Blitz Bureau
NEW DELHI: India has witnessed a phenomenal surge in mobile phone exports, which have risen 127 times in the last decade from just Rs 0.01 lakh crore in 2014-15 to Rs 2 lakh crore in 2024-25, the Parliament was informed on August 20. Officials credited this remarkable growth to the reforms and policy measures introduced under Prime Minister Narendra Modi’s ‘Make in India’ and ‘Atmanirbhar Bharat’ vision, which transformed India into a global hub for electronics manufacturing.
The production of mobile phones has jumped from Rs 0.18 lakh crore in 2014-15 to Rs 5.5 lakh crore in 2024-25 — marking a 28-fold increase, Minister of State for Electronics and Information Technology Jitin Prasada said in a written reply to a question in the Lok Sabha.

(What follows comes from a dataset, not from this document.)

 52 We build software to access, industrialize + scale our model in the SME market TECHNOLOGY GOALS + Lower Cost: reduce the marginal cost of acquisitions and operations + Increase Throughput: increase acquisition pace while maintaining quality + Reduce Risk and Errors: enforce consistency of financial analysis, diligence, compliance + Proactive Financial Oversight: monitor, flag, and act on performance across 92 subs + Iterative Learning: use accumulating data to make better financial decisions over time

During the same period, the number of mobile manufacturing units expanded from just two in 2014 to over 300 in 2025, a rise of 150 times.

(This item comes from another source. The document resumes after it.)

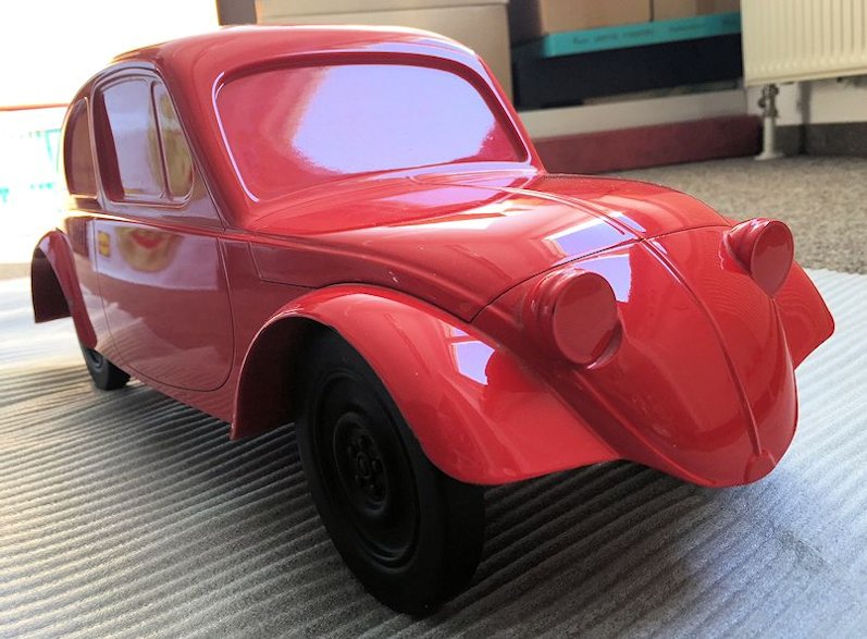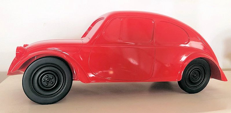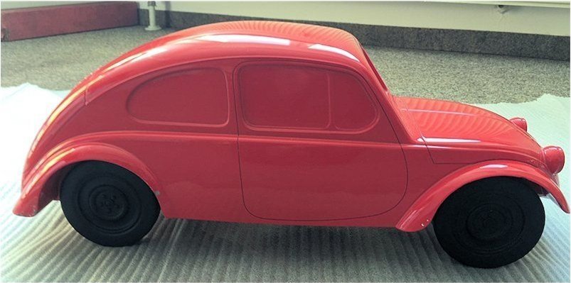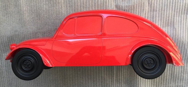 The Volkswagen factory (VW Versuchsbau) has produced this 1937 model V3/2 in 2008. This model was milled (on basis of the CAD data of the original V3/2) from 1 piece of resin with the wheels separately attached to the body.

As a result, India, once dependent on imports to meet nearly three-fourths of its mobile phone demand, now imports a negligible 0.02 per cent of the total units sold. Overall electronics production has also grown six times in the last decade, from Rs 1.9 lakh crore to Rs 11.3 lakh crore, while exports of electronic goods have surged eight times to Rs 3.3 lakh crore in 2024-25.

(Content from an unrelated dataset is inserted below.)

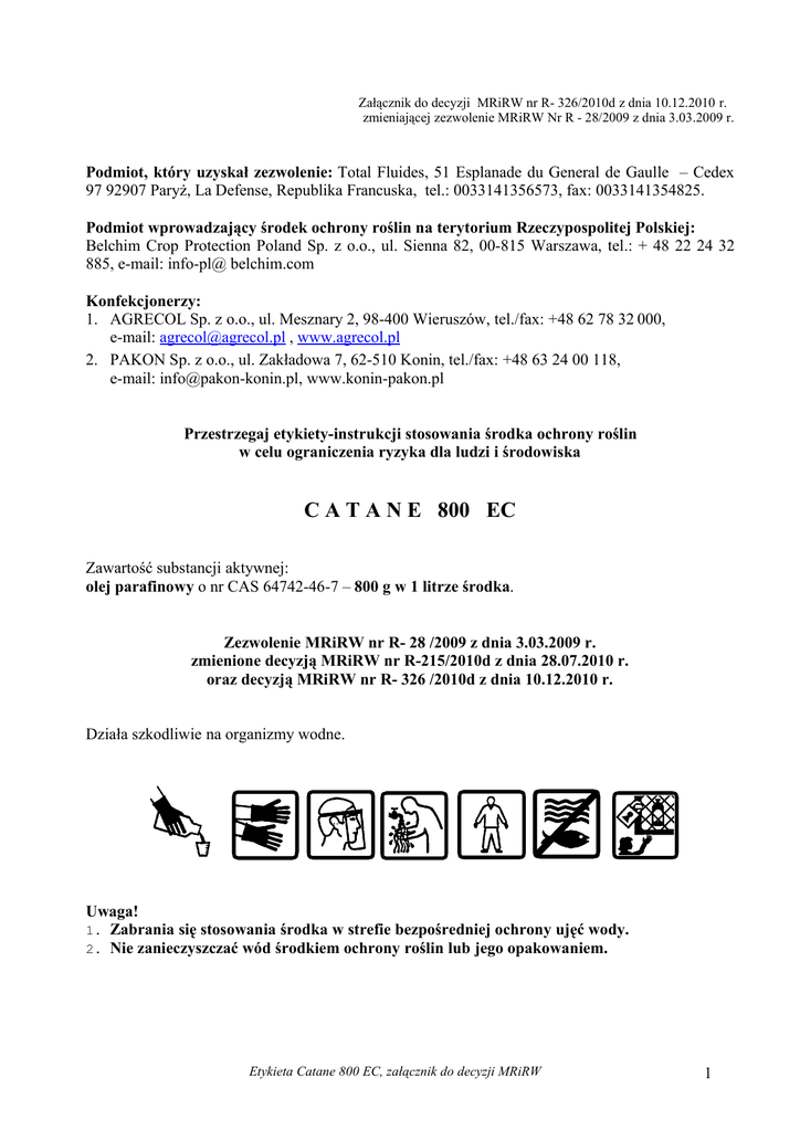 Załącznik do decyzji MRiRW nr R- 326/2010d z dnia 10.12.2010 r. zmieniającej zezwolenie MRiRW Nr R - 28/2009 z dnia 3.03.2009 r. Podmiot, który uzyskał zezwolenie: Total Fluides, 51 Esplanade du General de Gaulle – Cedex 97 92907 Paryż, La Defense, Republika Francuska, tel.: 0033141356573, fax: 0033141354825. Podmiot wprowadzający środek ochrony roślin na terytorium Rzeczypospolitej Polskiej: Belchim Crop Protection Poland Sp. z o.o., ul. Sienna 82, 00-815 Warszawa, tel.: + 48 22 24 32 885, e-mail: info-pl@ belchim.com Konfekcjonerzy: 1. AGRECOL Sp. z o.o., ul. Mesznary 2, 98-400 Wieruszów, tel./fax: +48 62 78 32 000, e-mail: [email protected] , www.agrecol.pl 2. PAKON Sp. z o.o., ul. Zakładowa 7, 62-510 Konin, tel./fax: +48 63 24 00 118, e-mail: [email protected], www.konin-pakon.pl Przestrzegaj etykiety-instrukcji stosowania środka ochrony roślin w celu ograniczenia ryzyka dla ludzi i środowiska C A T A N E 800 EC Zawartość substancji aktywnej: olej parafinowy o nr CAS 64742-46-7 – 800 g w 1 litrze środka. Zezwolenie MRiRW nr R- 28 /2009 z dnia 3.03.2009 r. zmienione decyzją MRiRW nr R-215/2010d z dnia 28.07.2010 r. oraz decyzją MRiRW nr R- 326 /2010d z dnia 10.12.2010 r. Działa szkodliwie na organizmy wodne. Uwaga! 1. Zabrania się stosowania środka w strefie bezpośredniej ochrony ujęć wody. 2. Nie zanieczyszczać wód środkiem ochrony roślin lub jego opakowaniem. Etykieta Catane 800 EC, załącznik do decyzji MRiRW 1 I OPIS DZIAŁANIA CATANE 800 EC jest środkiem owadobójczym w formie koncentratu do sporządzania emulsji wodnej, o działaniu kontaktowym przeznaczony do ochrony drzew owocowych przed niektórymi szkodnikami. Na roślinie działa powierzchniowo. II ZAKRES STOSOWANIA, TERMINY I DAWKI ROŚLINY SADOWNICZE 1. DRZEWA ZIARNKOWE przędziorek owocowiec Opryskiwać w okresie bezlistnym przed ruszeniem wegetacji. Zalecane stężenie: 2% (2 l środka w 100 litrach wody). 2. ŚLIWA misecznik śliwowy Zalecane stężenie: 2% (2 l środka w 100 litrach wody). Opryskiwać w okresie pękania pąków (łuski oddzielone, widoczny jasnozielony pąk). Zalecana ilość cieczy użytkowej 500-1000 l/ha w zależności od wielkości drzew. UWAGI: 1. Ograniczyć stosowanie środka do jednego zabiegu, dalsze konieczne zabiegi wykonać środkami z innych grup chemicznych. 2.Opryskiwać rośliny tak, aby ciecz spływała z pni i gałęzi. 3.Środek stosować w temperaturze powyżej 0oC, podczas bezwietrznej i bezdeszczowej pogody. III OKRES KARENCJI okres od dnia ostatniego zabiegu do dnia zbioru i przeznaczenia do konsumpcji NIE DOTYCZY IV OKRES PREWENCJI DLA LUDZI, ZWIERZĄT I PSZCZÓŁ okres zapobiegający zatruciu NIE DOTYCZY V SPORZĄDZANIE CIECZY UŻYTKOWEJ Przed przystąpieniem do sporządzenia cieczy użytkowej dokładnie ustalić potrzebną jej ilość. Zawartością opakowania przed użyciem wstrząsnąć. Odmierzoną ilość środka wlać do zbiornika opryskiwacza napełnionego częściowo wodą (z włączonym mieszadłem) i uzupełnić wodą do potrzebnej ilości. Po wlaniu środka do zbiornika opryskiwacza nie wyposażonego w mieszadło hydrauliczne ciecz mechanicznie wymieszać. Opróżnione opakowania przepłukać trzykrotnie wodą, a popłuczyny wlać do zbiornika opryskiwacza z cieczą użytkową. Po pracy aparaturę dokładnie wymyć. Etykieta Catane 800 EC, załącznik do decyzji MRiRW 2 VI PRZECHOWYWANIE Przechowywać pojemnik szczelnie zamknięty. Przechowywać z dala od źródeł ciepła. Przechowywać pojemnik szczelnie zamknięty w temperaturze nie niższej niż 0°C i nie wyższej niż 30°C. Chronić przed dziećmi. Nie przechowywać razem z żywnością, napojami i paszami dla zwierząt. VII WARUNKI BEZPIECZNEGO STOSOWANIA ŚRODKA − − − − Nie jeść i nie pić oraz nie palić tytoniu podczas stosowania produktu. Nosić odpowiednią odzież ochronną. W razie połknięcia niezwłocznie zasięgnij porady lekarza - pokaż opakowanie lub etykietę. Resztki cieczy użytkowej rozcieńczyć wodą i wypryskać na powierzchni poprzednio opryskiwanej. Wodę użytą do mycia aparatury wypryskać na powierzchni uprzednio opryskiwanej, stosując te same środki ochrony osobistej. − Opróżnione opakowania traktować jako odpady komunalne. − Zabrania się spalania opakowań po środku ochrony roślin we własnym zakresie. UWAGA! ZABRANIA SIĘ WYKORZYSTYWANIA OPRÓŻNIONYCH ŚRODKACH OCHRONY ROŚLIN DO INNYCH CELOW, TRAKTOWANIA ICH JAKO SUROWCE WTÓRNE. OPAKOWAŃ PO W TYM TAKŻE VIII ANTIDOTUM BRAK, STOSOWAĆ LECZENIE OBJAWOWE IX POMOC MEDYCZNA W zaistniałych sytuacjach, kiedy wymagana jest lub konieczna inna pomoc medyczna niż ujęta w ostrzeżeniach skontaktować się z najbliższym ośrodkiem toksykologicznym: Gdańsk – (58) 682 04 04 Kraków – (12) 411 99 99 Lublin – (81) 740 89 83 Łódź – (42) 657 99 00 Poznań – (61) 847 69 46 Rzeszów – (17) 866 40 25 Sosnowiec – (32) 266 11 45 Tarnów - (14) 631 54 09 Warszawa – (22) 619 66 54 Wrocław – (71) 343 30 08 Okres ważności - 2 lata Data produkcji - ........ Zawartość netto - ........ Nr partii - ........ Etykieta Catane 800 EC, załącznik do decyzji MRiRW 3

The Government attributed this turnaround to flagship schemes like the Production Linked Incentive (PLI) for large-scale electronics and IT hardware, the Electronics Manufacturing Clusters (EMC and EMC 2.0), the Scheme for Promotion of Manufacturing of Electronic Components and Semiconductors (SPECS), and the Public Procurement (Preference to Make in India) Order 2017.